The risks we face as women in a conflict zone include sexual harassment and assault. I can think of two close friends who, a few years ago, endured a brutal sexual attack while on assignment in a hostile environment.

But I do not necessarily find that women are more at risk than our male colleagues. After all, most of those who have been killed, have been kidnapped or who have disappeared while reporting in Syria have been men, even though most of the journalists covering the country are women.

There are other aspects to conflict zone reporting that I think have so far gone unnoticed, perhaps because we focus too much on the parachuting-into-the-frontline type of coverage. I’m talking about discrete, undercover, long-term journalism in a conflict zone, a sort of cloak-and-dagger reporting.

In covering Syria, many of us rely on ordinary citizens who are “naturally embedded” within society to give us a perspective we simply cannot access otherwise.

Nothing in our training as journalists prepares us to deal with this sort of lifestyle. On the contrary. The trade craft required to do such work for extended periods of time flies in the face of everything we are taught as journalists.

All journalists do some undercover reporting, even if unconsciously. They keep their ear to the ground and their antennas up for anything of interest. The men might grow a beard and the women wear a head scarf while on assignment, just to move around more easily.

But few journalists find themselves in a position whereby -- for weeks or months on end -- they cannot reveal to anyone in their surroundings that they are journalists, or that all those around them are in fact on the record. This is one reason that so many stories out of Syria appear without a byline, using sources without their real names. There simply is no other way to report such stories.

There is something else that our training lacks: how to manage our emotional, mental and physical wellbeing while living for long periods of time in a conflict zone.

How toxic is the food chain that comes from a place of heavy bombardment? Or, as was the case recently, where chemical weapons were used? What about the water supply? The air?

Beyond “eating well and exercising,” how do we maintain our sanity with all the insanity that we report on?

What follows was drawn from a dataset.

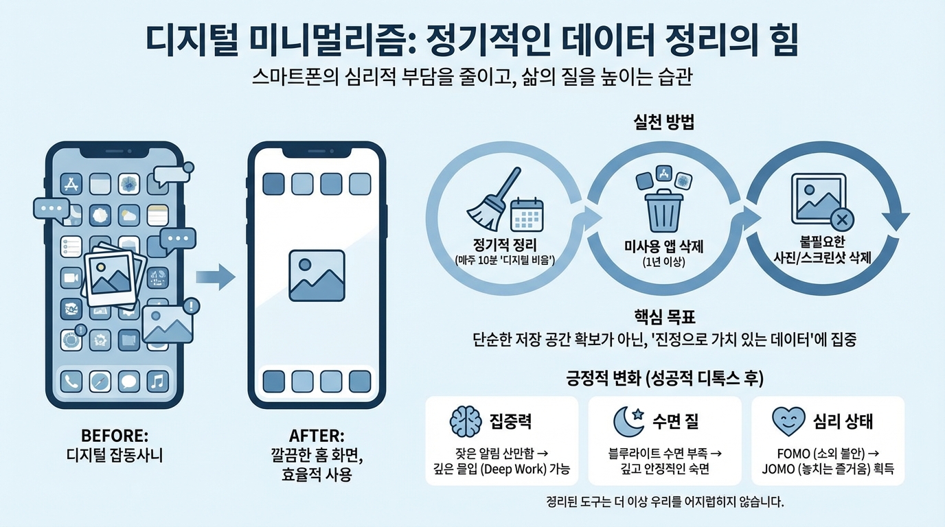 디지털 미니멀리즘은 단순히 저장 공간을 확보하는 것이 아니라, 내가 진정으로 가치를 두는 데이터에만 집중하겠다는 선언입니다.

Good journalists are good at listening and observing. But when you listen to a man barely holding himself together with a thread, as he narrates to you in painstaking detail the massacre he witnessed, you are witnessing it too. And if you observe closely the body language of a mother who recently lost a daughter to war, you will feel her pain too. When you watch a child go from carefree and gregarious to panicky and frightened in an instant, in response to the loud blast of a rocket attack or the buzz of a warplane above, you will feel upset too.

As journalists, we tend to hide behind our notebook or camera, but that saves us only for the moment. In my experience, the emotions come after leaving the scene, when the brain disengages from the pressures of storytelling and deadlines. Nothing in our training prepares us for it, though I suspect it is what drives many journalists to go back to the beat.

Also, in all fairness, even as a freelancer I have had access to invaluable field counseling both for personal safety and general well-being.

But the reality of our work still begs the question: Why do we do what we do?

The answer depends on whom you ask.

NPR’s former Beirut Bureau Chief and colleague Kelly McEvers captured this in a brutally honest personal radio essay titled Diary of A Bad Year: A War Correspondent’s Dilemma, where she describes her search within.

A dear friend of mine who stopped reporting from conflict zones after she was attacked and raped while on assignment told me she went into the field to tell the untold stories. Today, she has no regrets, and feels her work was important.

As for me, perhaps it is personal. Syria is my birthplace and my ancestral home. And at least at this moment, I cannot imagine doing anything else.